Measurement for extracellular metabolites concentrations

The 5 ml of samples were taken from the culture broth and rapidly quenched into 15 ml of 60% (v/v) aqueous methanol containing 70 mM HEPES, where quenching solution was kept at -80°C before used. The cells were separated from the culture by centrifugation at 10,000 ×g for 15 min at 0°C. To extract intracellular metabolites from the cell pellet, 500 ml of 50% methanol was added, and the cells were re-suspended by vortexing the mixture. Then 2 ml of 35% of perchloric acid was added, which was pre-cooled on ice, and vortexed again for 10 s. After one freeze-thaw cycle, proteins and cell fragments were removed by centrifugation at 12,000 ×g for 30 min at 0°C. The clear suparnatant was neutralized by adding collected supernatant, and then 895 μm of 5 M K2KO3 was added. Afterward, precipitated perchlorates were removed by another centrifugation step (12,000 ×g at 0°C for 10 min), the clear supernatant was collected, and they were stored as 200 μm aliquots at -20°C for further analysis [20, 21].

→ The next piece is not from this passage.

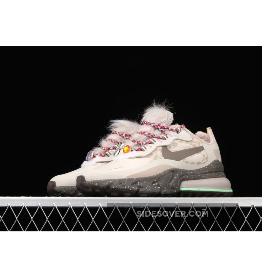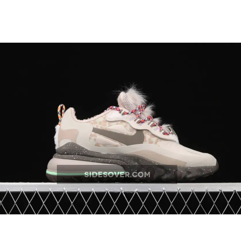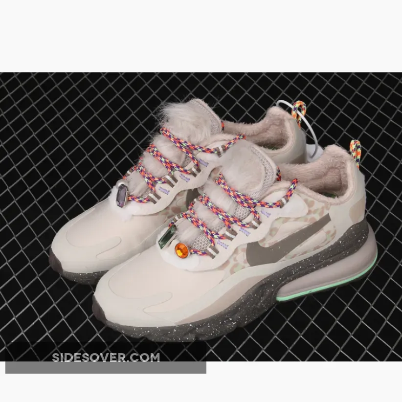 The Air Max 270 React Light Tan Baroque Brown offers a stylish & playful take on the classic Air Max silhouette. The furry instep & colorful rope laces elevate the design, while the mix of tan & animal print adds versatility. Performance-wise, the React cushioning feels plush & responsive, making these perfect for casual strolls or light runs. Overall, a unique & eye-catching sneaker for lovers of bold fashion & comfort.
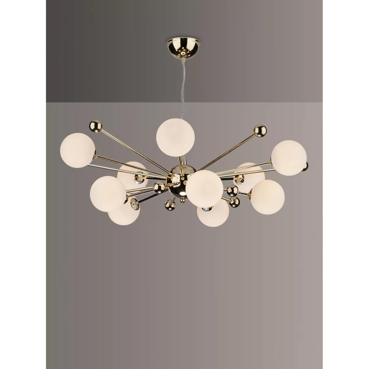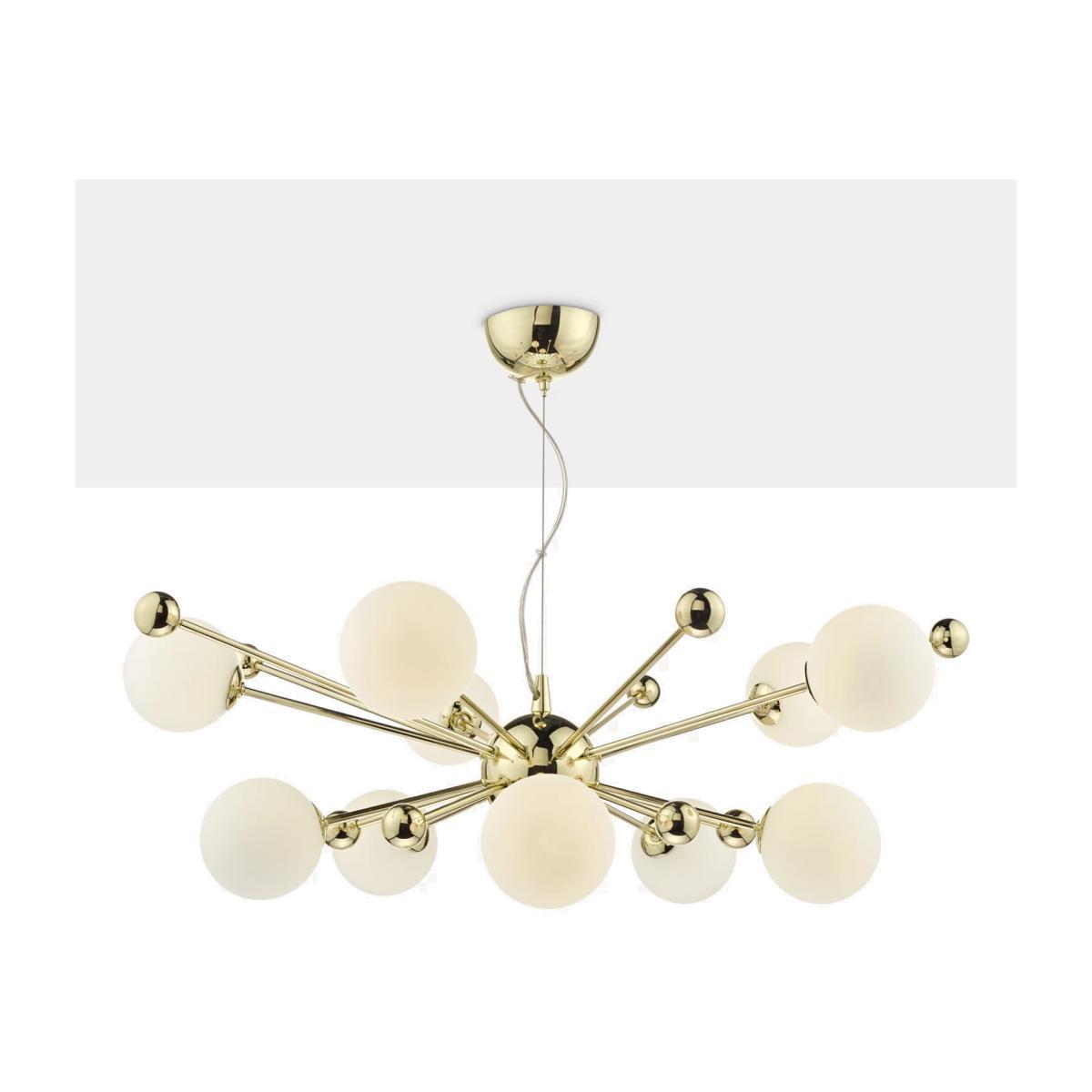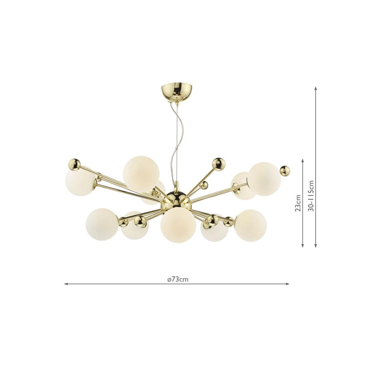 Let this oversized ceiling light become the focal point in your space. Height-adjustable upon installation, it has ten large opal glass globe shades suspended from a polished gold frame. It will cast a glow of light around your room.

The intracellular metabolite concentrations were determined by enzymatic methods, where those were performed mainly as described by [22, 23] and others [3, 20, 21, 24] after some modifications. Enzymatic determinations of metabolites were performed in 50 mM tri ethanolamine buffer (TEA) at pH 7.6. For example, G6P concentration was determined in the presence of 5 mM MgSO4 and 0.48 mM NADP+ after addition of 0.7 U ml-1 of G6PDH. The measurements were made using Luminescence Spectrophotometer (LS55, Perkin Elmer, UK). The chemical determination was made at 37°C [20].

13C-labeling experiments and sample preparation

The biomass sample was kept on ice for 2-3 minutes, and the sample was centrifuged at 6,000 rpm at 2°C for 15 minutes [25]. The cell pellets were washed three times with 20 mM Tris-HCl at pH 7.6 and suspended in 10 ml of 6 M HCl. The mixture was then hydrolyzed at 105°C for 15 hours in a sealed glass tube. During acid hydrolysis, tryptophan and cysteine were oxidized, and glutamine and asparagine were deaminated. The hydrolysate was evaporated to dryness. The dried material was dissolved in milli-Q water and filtered through a 0.22 μm pore-size filter and evaporated to dryness. About 1.5 ml acetonitrile was added in the dried hydrolyte and incubated at room temperature overnight. After the color of liquid turned a color of pale yellow, it was filtrated through 0.22 μm pore-size filter. The filtrate was then derivatized by N-(tert-butyldimethylsilyl)-N-methyl-trifluoroacetamide (MTBST-FA) (Aldrich, USA) at 110C for 30 minutes and was transferred to GC-MS sample tube for analysis [25].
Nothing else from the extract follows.